Williams had several supporters in attendance; they sat in the courtroom gallery. Whenever she entered or exited the courtroom during the day-long hearing, Williams and her supporters blew kisses back and forth. The four deceased persons also had supporters in attendance. During a break in the hearing, the two groups met in the hall — one seated, one standing. Words were exchanged. Voices were raised. The standers approached the sitters. Then a deputy passed through the hall, and peace was restored.

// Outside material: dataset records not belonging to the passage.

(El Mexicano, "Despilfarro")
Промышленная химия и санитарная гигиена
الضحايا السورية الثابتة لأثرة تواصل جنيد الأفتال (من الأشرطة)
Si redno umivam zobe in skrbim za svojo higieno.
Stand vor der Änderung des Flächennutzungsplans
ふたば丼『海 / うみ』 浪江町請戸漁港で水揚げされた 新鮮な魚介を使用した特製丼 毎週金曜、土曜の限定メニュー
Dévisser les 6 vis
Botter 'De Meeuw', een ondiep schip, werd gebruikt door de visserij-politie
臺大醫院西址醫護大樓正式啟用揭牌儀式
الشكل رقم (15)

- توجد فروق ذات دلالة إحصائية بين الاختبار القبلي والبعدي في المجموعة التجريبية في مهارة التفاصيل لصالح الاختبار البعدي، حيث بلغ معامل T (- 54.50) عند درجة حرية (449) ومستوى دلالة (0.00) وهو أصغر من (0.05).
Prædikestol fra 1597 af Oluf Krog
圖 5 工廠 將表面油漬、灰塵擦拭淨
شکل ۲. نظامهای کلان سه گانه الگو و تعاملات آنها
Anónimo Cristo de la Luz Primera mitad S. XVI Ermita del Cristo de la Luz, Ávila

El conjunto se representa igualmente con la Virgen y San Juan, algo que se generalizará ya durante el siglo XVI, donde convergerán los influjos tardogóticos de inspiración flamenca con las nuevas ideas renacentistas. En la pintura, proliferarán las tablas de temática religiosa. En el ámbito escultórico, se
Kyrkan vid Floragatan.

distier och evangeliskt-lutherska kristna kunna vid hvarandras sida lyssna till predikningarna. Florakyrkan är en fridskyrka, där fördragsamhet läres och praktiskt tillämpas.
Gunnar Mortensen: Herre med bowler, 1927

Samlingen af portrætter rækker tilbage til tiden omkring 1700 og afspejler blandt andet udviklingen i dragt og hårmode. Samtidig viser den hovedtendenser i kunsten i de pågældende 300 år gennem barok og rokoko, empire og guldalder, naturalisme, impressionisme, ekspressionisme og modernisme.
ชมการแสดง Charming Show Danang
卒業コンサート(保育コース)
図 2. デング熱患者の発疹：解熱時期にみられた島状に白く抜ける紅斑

During the hearing, prosecutor Laurie Hauf showed the judge a four-page document from the California DMV, dated February 27, 2020. The prosecutor said the document proved that Williams had been properly informed that her driver’s license was suspended because of her DUI conviction one month earlier. And the prosecutor said that at the time of that conviction, court transcripts showed that Williams had been informed that if, in the future, someone died as a result of her driving while intoxicated, she could be charged with murder. Hauf told Judge Carlos Armour that there was implied malice, because Williams had been warned that she could kill someone if she drove under the influence. “She was probably huffing or inhaling while she was driving,” said Hauf. “She knew it was dangerous. She did it anyway.” Hauf noted that Williams never braked or swerved as she was driving on the sidewalk and running over four people. And she noted that one month prior to the fatal crash, on April 4, Williams had posted videos of herself to social media: a video that showed her rolling marijuana cigarettes while seated in the front seat of her car, another video showing her smoking the cigarettes, and another video of her driving. She labelled one video “420” and “getting lit” — references to marijuana use.

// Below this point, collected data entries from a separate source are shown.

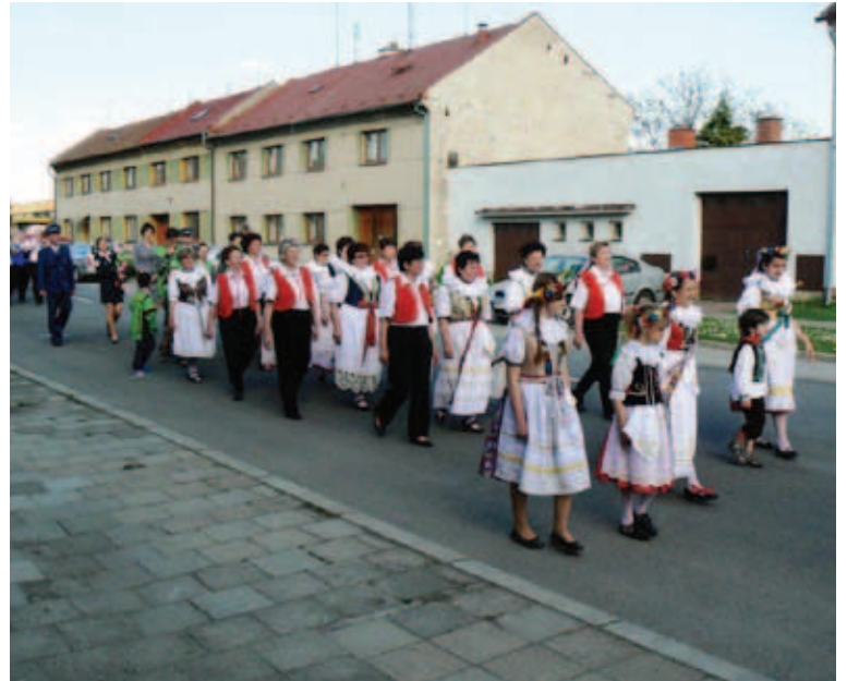
V rámci 70. výročí osvobození se konal v Horce nad Moravou průvod.

A přesto tady v Evropě, na starém kontinentě, vznikaly nejrůznější ideologie, byla zde spousta příkoří a emocí. Zárukou míru je tu dnes Evropská unie, jejímž cílem je poskytovat lidem prostor svobody, bezpečnosti a práva. Prostřednictvím Schengenu můžeme svobodně cestovat, seznamovat se s nejrůznějšími kulturami,
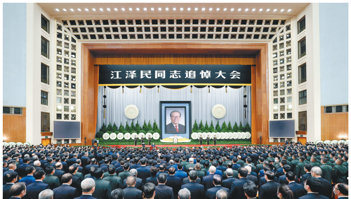
12月6日，中共中央、全国人大常委会、国务院、全国政协、中央军委在北京人民大会堂隆重举行江泽民同志追悼大会。
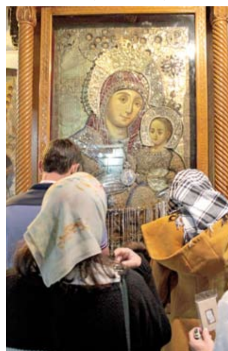
«Вифлеемская» икона Божией Матери

блестящими разноцветными шарами. В храм вел узкий проход, который заставлял каждого входящего низко склонять голову, как бы кланяясь Рожденному Спасителю. В народе эти двери называют
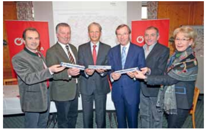
Die HL-Strecke wird Seekirchen nur unterirdisch queren.
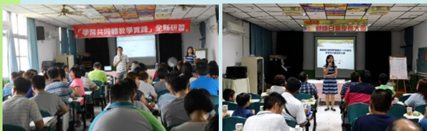
全縣學習共同體研習
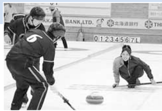
◀カーリング大会では白熱の勝負が繰り広げられます。

豊平区ゆかりの食材を生かした食育 「とよひら“風土 (food)”コレクション」
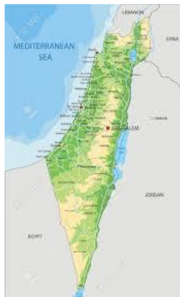
شکل ۳) نقشه طبیعی رژیم صهیونیستی

اما بلندی‌های دیگری که از ارتفاعات مرکزی اهمیت بسیار بیشتری دارند، بلندی‌های جولان می‌باشد. این بلندی‌ها که متعلق به سوریه بوده و توسط رژیم صهیونیستی اشغال شده است، به چند دلیل برای این رژیم اهمیت بسیار بالایی داشته و به همین دلیل رژیم صهیونیستی تمایل به اشغال آنها دارد. این بلندی‌ها به مثابه مرز و حفاظی طبیعی می‌باشد که بین این رژیم و سوریه می‌تواند حائل شود و تامین کننده امنیت این رژیم و به ویژه نیمه شمالی آن باشد. به علاوه تسلط به این ارتفاعات - به ویژه با توجه به فاصله کم این منطقه با دمشق - تسلط و برتری را بر سوریه به ارمغان می‌آورد. افزون بر این موارد، بلندی جولان یکی از مهم‌ترین مناطق تأمین کننده محصولات کشاورزی و غذایی و نیز آب مورد نیاز این رژیم می‌باشد. طبیعی است که تسلط بر این ارتفاعات برای دارنده آن برتری به ارمغان می‌آورد.

Defense attorney Rick Crawford responded that the crash was an accident. He said that while Williams may have been impaired, evidence showed that what she had been doing was non-attentive driving — using her cell phone while operating the vehicle. He insisted that the event was not another DUI, but an accident due to distracted driving. Timestamps from Williams’ phone indicated that she was indeed on the phone during the crash, and one expert testified that she was “trying to change the song” when it happened.
Judge Armour was not convinced. He noted that Williams had “at least three substances in her system” at the time of the accident, and ordered her to face trial on all nine felony charges. She was arraigned on those charges on September 14, 2021. She pleaded not-guilty, and is next due in court on January 25, 2022, when a trial date will be selected.